Во всяком случае, легко представить то воздействие, какое могла произвести подобная политика на религиозные чувства князя цу Гогенлоэ. До самой смерти вдохновитель «Культуркампфа» продолжал добросовестно и с прирожденной пунктуальностью соблюдать религиозные обряды, но в глубине его души некогда образовавшаяся пустота так и осталась незаполненной, и приближение смерти не сделало его более чувствительным и более сострадательным. Свидетельство тому мы находим в письмах князя Хлодвига, адресованных в последние годы жизни сестре, Эльзе фон Зальм.
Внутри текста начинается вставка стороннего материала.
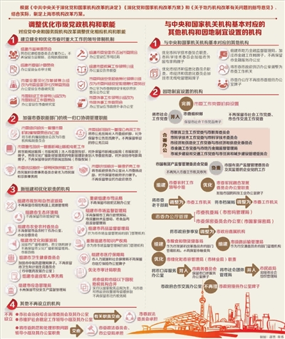 深化党和国家机构改革是推进国家治理体系和治理能力现代化的一场深刻变革。按照中央总体部署,市委、市政府高度重视机构改革工作,今年5月成立了市党政机构改革工作领导小组,组建工作专班,以高度的政治责任和使命感,稳妥推进机构改革工作。今年8月30日,十一届市委五次全会审议通过《方案》草案,报请中央批准。今年10月,党中央、国务院批准同意《方案》。根据《方案》,上海市机构改革以加强党的全面领导为统领,以国家治理体系和治理能力现代化为导向,突出城市功能特点,以推进机构职能优化协同高效为着力点,改革机构设置,优化职能配置,理顺职责关系,积极构建系统完备、科学规范、运行高效的机构职能体系。
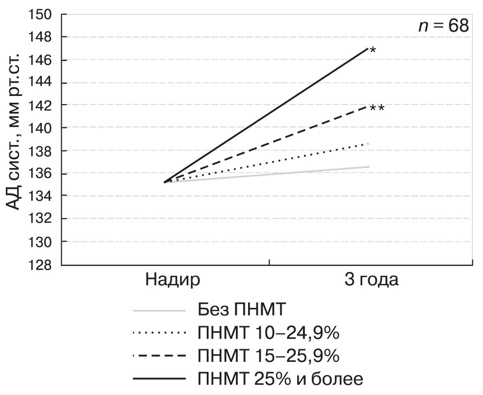 В приведенном исследовании получены данные о сопоставимой эффективности РГ и ГШ в снижении массы тела в точке надир. За 36 мес наблюдения ПНМТ более 15% был выявлен у 32,5% пациентов после РГ и 17,2% пациентов после ГШ (p > 0,05). В работе показано, что ПНМТ становится клинически значимым (выявляется значимое повышение систолического АД) при достижении 15% от потерянной массы тела в точке надир.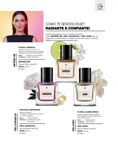 67.99 %u20ac67.99 %u20ac 67.99 %u20ac30706 | 50 ml30709 | 50 ml 30708 | 50 mlNotas arom%u00e1ticasDescobre a rainha que h%u00e1 em ti. Um perfume que irradia autoconfian%u00e7a, desperta admira%u00e7%u00e3o e n%u00e3o deixa ningu%u00e9m indiferente.FLORAL-ORIENTALBergamota, flor de laranjeira, baunilha, ylang ylangIMPRESS MEEau de Parfum para Ela IMPRESS MECOMO TE SENTES HOJE?RADIANTE E CONFIANTE!Queres impressionar com um charme incr%u00edvel?Ent%u00e3o IMPRESS ME, FEEL GORGEOUS e FEEL SHINY s%u00e3o as fragr%u00e2ncias perfeitas para ti. Criadas para te fazer sentir confiante, radiante e absolutamente deslumbrante.Notas arom%u00e1ticasCelebra a tua beleza.Um perfume que expressa a tua ess%u00eancia com leveza e eleg%u00e2ncia.FRUTADO-INSPIRADORLaranja sangu%u00ednea, groselha preta, pe%u00f4nia, cedro brancoFEEL GORGEOUSEau de Parfum para Ela FEEL GORGEOUSNotas arom%u00e1ticasSente-te confiante, vibrante e aut%u00eantica.Esta fragr%u00e2ncia foi criada para deixar o teu brilho natural falar por ti.FLORAL-ALMISCARADOP%u00eassego, jasmim, violeta, alm%u00edscarFEEL SHINYEau de Parfum para Ela FEEL SHINY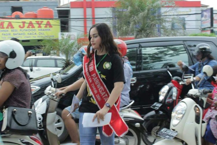 Duta Pariwisata Kutim ikut berpartisipasi mensukseskan pesta adat pelas tahun dan pesona budaya Kutai Timur, dengan menyebarkan brosur di jalanan . ©2016 Merdeka.com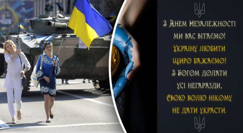 По случаю Дня Независимости нашего государства желаем вам крепкого здоровья, большого семейного счастья, мира, взаимопонимания, согласия и благополучия. Пусть каждый день вашей жизни будет наполнен радостью, теплом и новыми достижениями, а ваши добрые дела приумножат славу родной Украины.
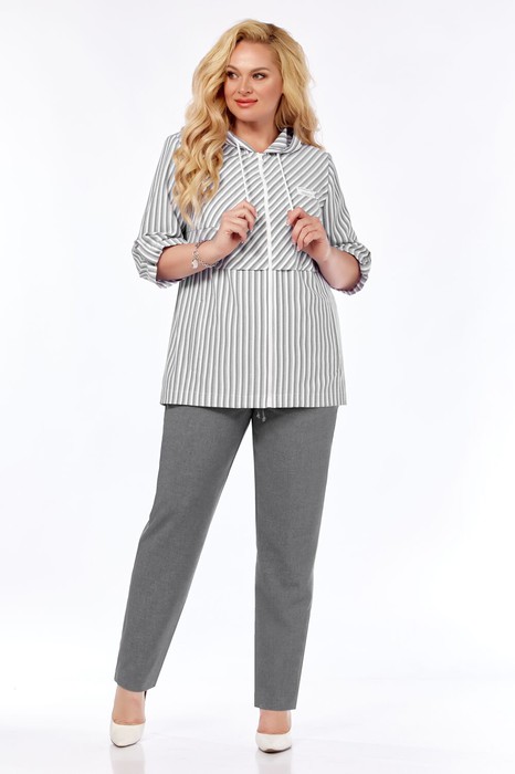 Стильный комплект-двойка, состоящий из жакета-ветровки в полоску и однотонных брюк, станет находкой для ценительниц комфорта и практичности. Жакет прямого силуэта с центральной застёжкой на молнию. Модель имеет притачной капюшон с регулировкой объёма. На переде обработаны нагрудные вытачки, горизонтальные подрезы, карманы с листочками. Спинка со средним швом. Рукав втачной, одношовный, с застёгивающейся патой, длиной 3/4. Низ спинки длиннее по отношению к переду на 5 см.

Напрасно она, ревностная протестантка, пыталась с поистине прекрасным христианским пылом напомнить брату о преимуществах и прелестях религиозной жизни – ни увещевания, ни мольбы не смогли поколебать скептицизма старого государственного мужа. «Когда ты приводишь мне цитаты из Писания, – отвечает он ей, – я чувствую, они меня трогают, но вместе с тем, я не могу не думать о том, что Евангелие сначала было написано на древнееврейском, затем на греческом, затем переведено на латынь или немецкий, и что, возможно, у большинства понятий в процессе перевода исказился смысл. В глубине души я храню некоторое смутное чувство веры и надежды, но вне ее выступает здравый смысл; и то он берет верх, то побеждает мое потаенное чувство.» Позже, в1889 году, князь заявляет сестре, что наконец-то нашел некий эквивалент христианству в шопенгауэрском буддизме, в котором, «преодолевая страдания мира и греховность Воли, смирением возносишься до чистого состояния созерцательности». Но даже это состояние, кажется, не удовлетворило его полностью, поскольку одно из его писем сестре, написанном за несколько месяцев до смерти показывает, как он вновь раздираем желанием найти успокоение в вере и невозможностью сделать это. «Все, что ты говоришь мне в своем письме о воскресении, верно, но совершенно не объясняет мне непостижимую вечность времени и пространства. И пусть время и пространство остаются вечными, это не подлежит сомнению. В этом великая, подавляющая и страшная истина, истина; и, признаюсь, она несовместима с атеизмом.»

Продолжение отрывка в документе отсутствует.